As expected from any story with an orientalist bent, there are geishas. Robot geishas hold people hostages and attack the major. There is no reasoning behind their being geishas. It appears to be an act that was intended as a nod to Japanese culture, but instead comes off as reducing Japanese culture as an accessory. At least there are no samurai right? Wheeler hasn’t forgotten those.
“Borma grimaces at similar indecipherable forms inside the hotel lobby. He spots the flash of a home-rigged CYBORG with two SAMURAI SWORDS where its HANDS should be... BORMA: (whispering back) Nasty black-market shit...
The Samurai feature is a prop and novelty. While showing Asian motifs and cultures is not inherently bad, it appears disingenuous in this movie because of its white cast and clear stereotyping. The film does nothing to make the cultures it uses less “otherly” and instead only serves to make them more so.
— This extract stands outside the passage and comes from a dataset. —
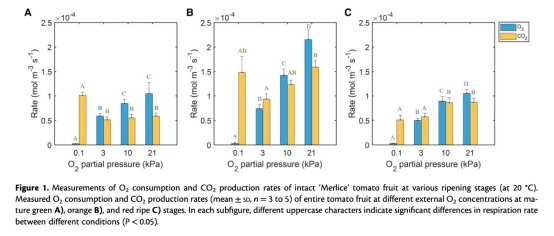 完整果實(shí)的呼吸速率(圖1):測量了不同成熟階段(綠熟、橙熟、紅熟)在不同外部氧氣濃度下的氧氣消耗和二氧化碳生成速率。意義:揭示呼吸速率的階段性變化及其對缺氧的敏感性。

The same happens in an exoticizing vignette that shows a Ghost Festival, showing an offering to dead ancestors. Similar things happen when she quirks an eyebrow at robots being given a traditional burial. The Asian customs and traditions exist as a backdrop but come off as quaint and disconnected from the major herself. There is little to no hint of any of the background Asian cultural elements within her own life or the lives of anyone in the lead roles. These are just things the major happens to stroll by, as if to reinforce the otherness of the setting.
“Drizzle colors the street. Alone again, Maddy walks aimlessly along the old city streets. Hong Kong’s GHOST FESTIVAL is ending. She watches a TEENAGE BOY lights a GHOST EFFIGY which burns brightly. Fruit and nuts have been placed underneath it. It’s an offering to dead ancestors.”
Essentially, the film wears Asian culture as a design theme that no character gnuinely interacts with. It is intended as futuristic world building, but comes off as lazy because many of its descriptions are of present-day Asian societies and customs. Does the film truly believe that these are futuristic elements, or is it just inserting them as something visually novel for white audiences to marvel at?
The script by Wheeler has attempted to water down a great deal of misogynistic and voyeuristic elements. However, it has still retained many of them. The script does not do so well on the race representation front, whitewashing the cast and failing to respect the cultures it is drawing from. As a character, the major is complex and dynamic. As a story, the script is compelling, emotional and action-packed. But in the socially aware society of today, it has made mistakes that has cost it dearly in the US market.
American scriptwriters need to stop seeing other cultures as alien, and write about them through genuine research and with a desire to understand them. Simply painting out the bare bones of their aesthetic is not enough, and both exotifies and isolates minorities in America.
Similarly, women have come a long way in terms of Hollywood representation. This script gives us a beautiful, heartfelt character that women can look up to but then peppers her with very traditional failures in writing female characters. Hopefully, the audience response sends a message to Hollywood producers that people are ready to embrace change for social justice in film.